Segment Start: Records for this exercise

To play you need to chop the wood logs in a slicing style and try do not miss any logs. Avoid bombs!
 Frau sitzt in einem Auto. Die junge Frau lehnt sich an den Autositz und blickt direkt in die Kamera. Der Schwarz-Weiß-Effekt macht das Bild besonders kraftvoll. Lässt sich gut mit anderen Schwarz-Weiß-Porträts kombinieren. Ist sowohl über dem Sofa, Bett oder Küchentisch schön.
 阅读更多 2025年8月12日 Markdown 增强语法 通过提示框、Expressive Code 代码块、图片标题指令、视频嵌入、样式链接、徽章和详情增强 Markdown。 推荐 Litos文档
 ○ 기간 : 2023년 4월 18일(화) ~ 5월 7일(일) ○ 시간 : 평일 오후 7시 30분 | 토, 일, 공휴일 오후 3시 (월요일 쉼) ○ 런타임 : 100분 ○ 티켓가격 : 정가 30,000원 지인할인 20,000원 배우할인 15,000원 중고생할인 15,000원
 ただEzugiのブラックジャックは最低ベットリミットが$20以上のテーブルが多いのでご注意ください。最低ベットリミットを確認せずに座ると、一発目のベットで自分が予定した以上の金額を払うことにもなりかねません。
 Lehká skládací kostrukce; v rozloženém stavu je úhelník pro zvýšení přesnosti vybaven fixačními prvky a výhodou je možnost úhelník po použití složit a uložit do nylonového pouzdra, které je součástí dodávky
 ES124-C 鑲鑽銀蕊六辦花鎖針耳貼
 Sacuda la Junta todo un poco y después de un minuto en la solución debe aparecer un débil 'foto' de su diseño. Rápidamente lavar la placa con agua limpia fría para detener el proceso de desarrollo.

Segment End: Records for this exercise
Segment Start: Records for this exercise

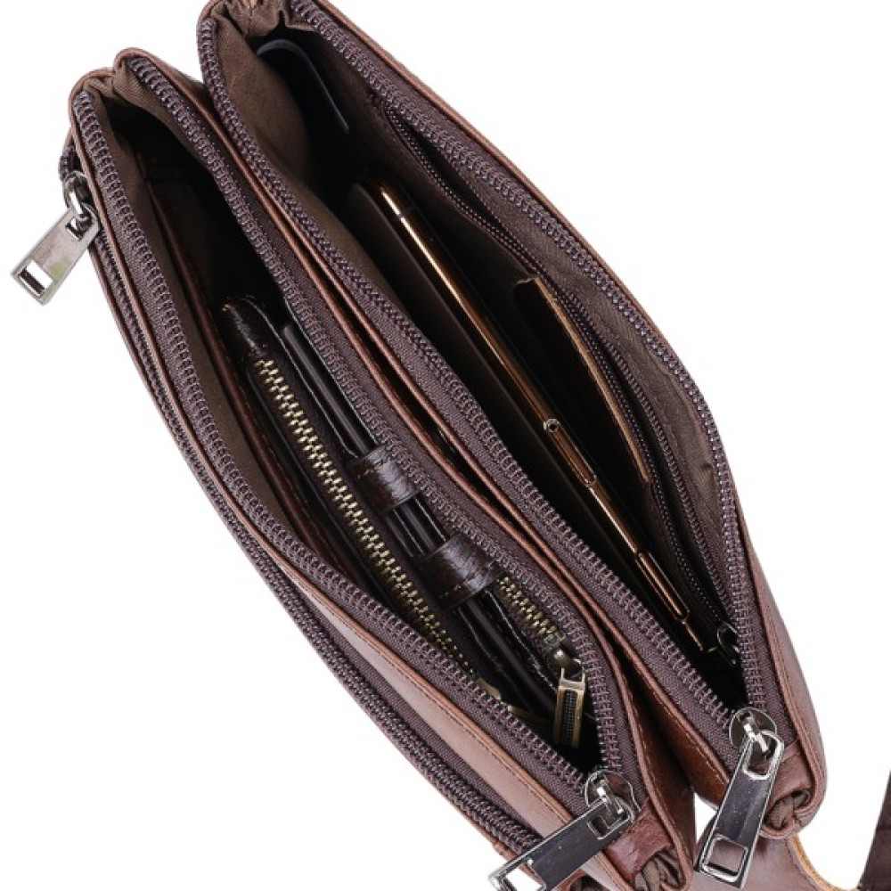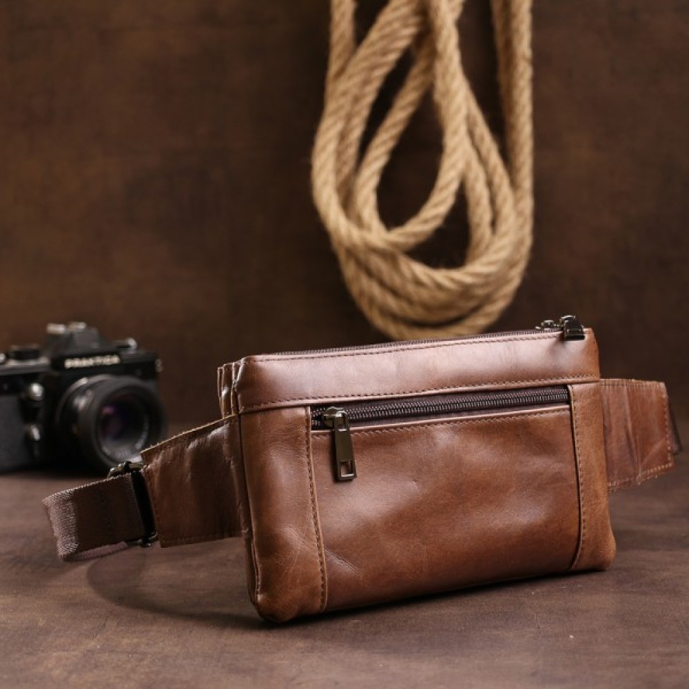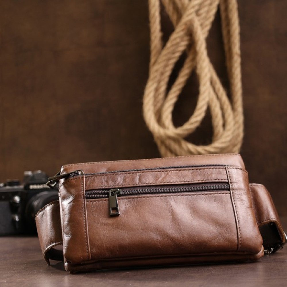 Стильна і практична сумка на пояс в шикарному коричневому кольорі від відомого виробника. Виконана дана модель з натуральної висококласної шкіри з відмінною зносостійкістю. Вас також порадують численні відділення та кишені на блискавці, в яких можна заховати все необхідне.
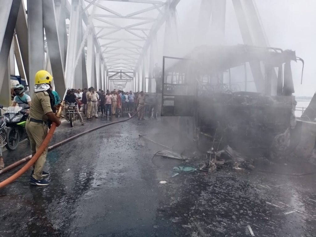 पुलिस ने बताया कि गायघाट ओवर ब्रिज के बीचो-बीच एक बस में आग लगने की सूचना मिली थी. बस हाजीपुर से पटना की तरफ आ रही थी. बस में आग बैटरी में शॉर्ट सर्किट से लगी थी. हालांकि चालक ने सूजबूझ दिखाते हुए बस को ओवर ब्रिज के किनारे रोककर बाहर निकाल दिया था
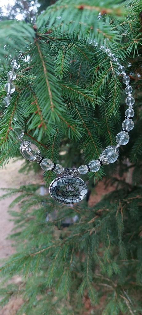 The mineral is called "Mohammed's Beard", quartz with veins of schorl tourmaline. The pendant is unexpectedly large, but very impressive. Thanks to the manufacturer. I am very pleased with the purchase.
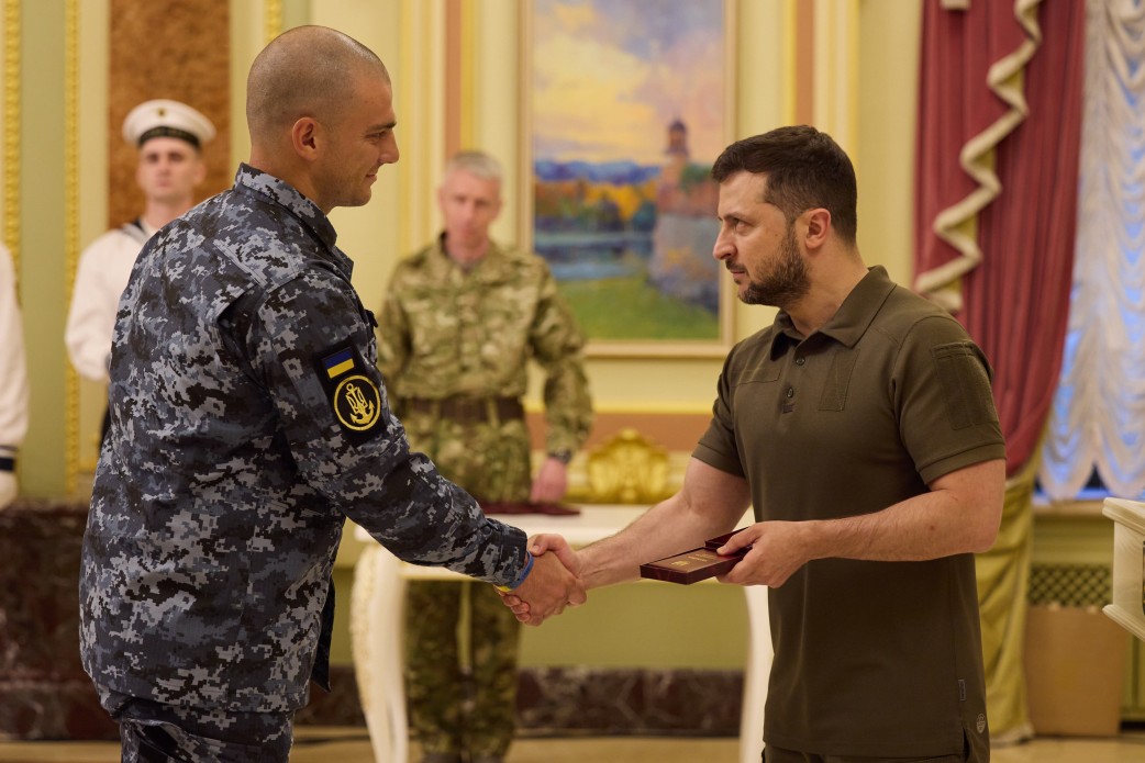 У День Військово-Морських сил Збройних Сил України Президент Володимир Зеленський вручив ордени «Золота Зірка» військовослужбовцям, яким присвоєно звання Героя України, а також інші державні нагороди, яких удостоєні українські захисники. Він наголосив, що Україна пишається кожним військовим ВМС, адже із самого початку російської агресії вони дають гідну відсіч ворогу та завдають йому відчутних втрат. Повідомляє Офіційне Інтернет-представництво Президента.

Segment End: Records for this exercise

Required action:
Reproduce the entries above exactly, but only the lines between the line holding "Frau sitzt in" and the line holding "15,000원 중고생할인 15,000원", inclusive.

Written solution:
 Frau sitzt in einem Auto. Die junge Frau lehnt sich an den Autositz und blickt direkt in die Kamera. Der Schwarz-Weiß-Effekt macht das Bild besonders kraftvoll. Lässt sich gut mit anderen Schwarz-Weiß-Porträts kombinieren. Ist sowohl über dem Sofa, Bett oder Küchentisch schön.
 阅读更多 2025年8月12日 Markdown 增强语法 通过提示框、Expressive Code 代码块、图片标题指令、视频嵌入、样式链接、徽章和详情增强 Markdown。 推荐 Litos文档
 ○ 기간 : 2023년 4월 18일(화) ~ 5월 7일(일) ○ 시간 : 평일 오후 7시 30분 | 토, 일, 공휴일 오후 3시 (월요일 쉼) ○ 런타임 : 100분 ○ 티켓가격 : 정가 30,000원 지인할인 20,000원 배우할인 15,000원 중고생할인 15,000원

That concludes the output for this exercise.